* [Aim of the task]
A faithful copy is required: retype the records from their first line through the line with "El fiscal Casanova", and omit the pictures.

* [Source records]
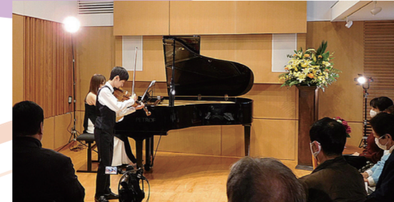
会場のひとつである Sala MASAKA (品濃町 514・13)

※昨年の様子 ● 演奏者と観客の一体感ある演奏会を目指しています。毎年どんな才能がある子が演奏してくれるのか楽しみです。
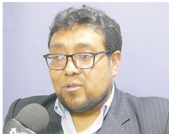
El fiscal Casanova explicó que se inició con las investigaciones tras la muerte de la mujer

“De manera urgente se ha procedido a una intervención quirúrgica de esta ciudadana, habiendo extraído del interior de su organismo 107 cápsulas que al interior de las mismas contenían sustancia controlada que, en este caso, tras prueba de campo se ha determinado que se trataba de pasta base de cocaína”, detalló el fiscal anti-narcóticos Alexander Casanova.
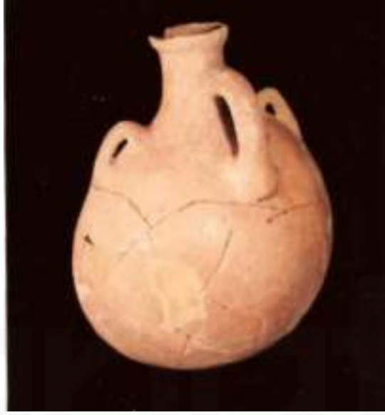
Görsel 4. Hitit İmparatorluk Çağı, Masat Höyük, Anadolu Medeniyetler Müzesi 33,6 X 24,6 X 16,2 cm

Yuvarlak ağızlı, uzun boyunlu, üç kulplu matara; boyundan gövdeye omuzlar üzerinde iki kulpu bulunmaktadır. Mercimek gövdeli, asimetrik şekilde gövde de yer yer parçalar sonradan restore edilmiş. Ağız kenarı hasarlı ve omuz kulpunun biri de kayıp. Bej rengi hamuru ince kum katkılı, kırmızımsı bej renk astarlı ve perdahlıdır. Çarkta şekillendirilmiştir.
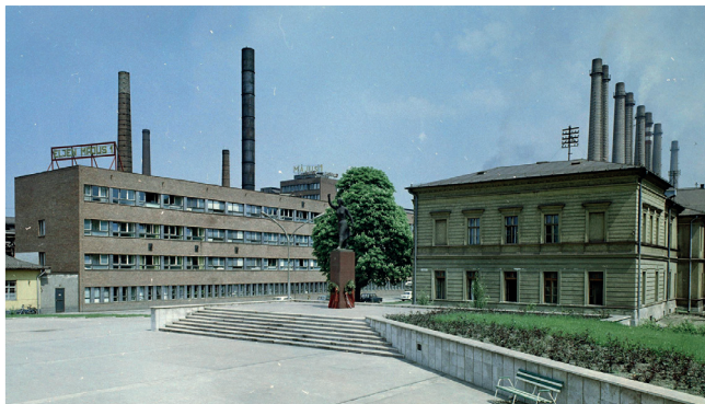
Az Erőmű (ma Digitális Erőmű) épülete.
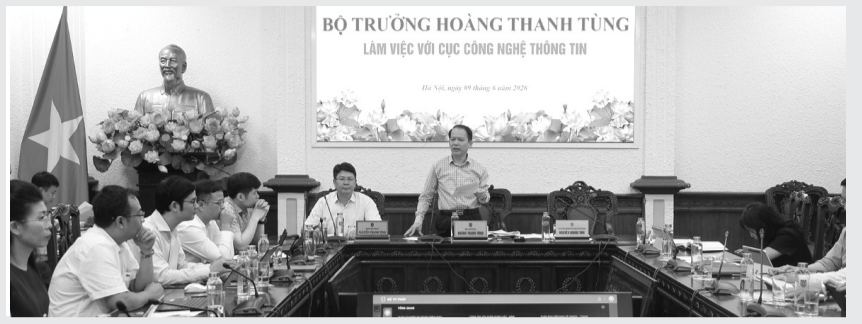
● Bộ trưởng Bộ Tư pháp Hoàng Thanh Tùng chủ trì buổi làm việc với Cục CNTT.

* [Your solution]
会場のひとつである Sala MASAKA (品濃町 514・13)

※昨年の様子 ● 演奏者と観客の一体感ある演奏会を目指しています。毎年どんな才能がある子が演奏してくれるのか楽しみです。
El fiscal Casanova explicó que se inició con las investigaciones tras la muerte de la mujer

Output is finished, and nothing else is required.